XML grammars have their own peculiarities (described in detail in Chapter  4, XML Speech Grammar Format). An inline XML grammar puts all of its attributes on the enclosing VoiceXML <grammar> tag. Also, an inline XML grammar inherits the XML prolog of the VoiceXML document; it does not have one of its own. Because the XML grammar format uses XML tags, you do not make a CDATA section out of an inline XML grammar. So, an inline XML grammar looks like:

 <grammar ...usage and header attributes...>
   ...grammar header elements...
   ...grammar rule definitions...
 </grammar>

On the other hand, an external XML grammar file must contain a valid XML prolog. An external XML grammar file also contains its own <grammar> element. Remember that this <grammar> element is only for defining the grammar, not for specifying its usage. Consequently, it can have fewer attributes than its inline cousin:

 ...XML prolog...
 <grammar ...header attributes only...>
   ...grammar header elements...
   ...grammar rule definitions...
 </grammar>

Grammar files start out as uncompiled text files. For the GSL format, the BeVocal VoiceXML interpreter supports compiled versions of the files. See Compiled Grammar Files for information about how to compile a grammar file and how to use the result.

Rule Definitions

A grammar body consists of one or more rule definitions. A grammar rule definition can have two parts:

 •  A rule name that identifies the rule for use in other rules. In some GSL grammars, the name is optional; in all other cases, the name is required.
 •  A rule expansion, which defines the possible utterances associated with that rule. In GSL the expansion is also called a grammar expression.

Rule Expansions

In any format, a rule expansion consists of a combination of tokens, rule references, semantic interpretations, and syntax for combining these into more complex expressions.

Tokens

A token corresponds directly to words the user can legally say, such as "yes", "ten", or "elephant", or to the DTMF keys the user can press.

Rule References

A rule reference is simply a named grammar rule that is referenced (by name) from another rule. GSL grammars sometimes refer to rule references as subgrammars or subrules.

Rule references let you modularize your grammar descriptions. Because a rule reference is just a named rule, it can contain another rule reference, thus allowing you to create hierarchies of grammar rules.

When a grammar rule contains a rule reference, the effect is the same as if the referenced rule's grammar expansion appeared in place of the rule name.

Semantic Interpretations

All of the grammar formats support the ability to specify information for the semantic interpretation of a rule. In GSL, this ability is done with assignment commands; in the other formats, it is done with tags. Do not confuse this use of the word "tag" with its more common meaning in the context of VoiceXML. Here, it refers to a particular piece of syntax in the grammar format--in XML, it happens to be the <tag> tag, but in GSL, ABNF, and JSGF, it is the use of curly braces.

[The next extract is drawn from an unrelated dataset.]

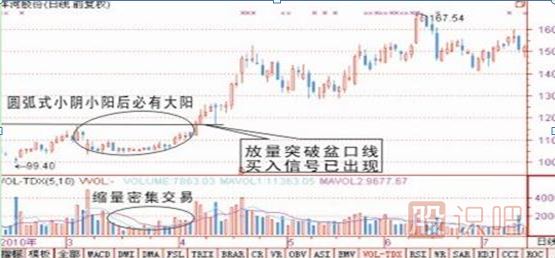圓弧形態(tài)一般出現(xiàn)在調(diào)整后或者橫盤(pán)整理挖坑后走出的圖形,從技術(shù)形態(tài)上看有二個(gè)特別現(xiàn)象是:

Semantic interpretations are not needed in every grammar. For example, you probably don't need them for grammars in <link> or <choice> elements. If the user speaks a phrase that matches a link grammar, the <link> element is simply activated. If a semantic interpretation is present, the interpreter stores it in the application.lastresult$ variable, but does not use it for any other purpose; your application can use this variable to access the semantic interpretation.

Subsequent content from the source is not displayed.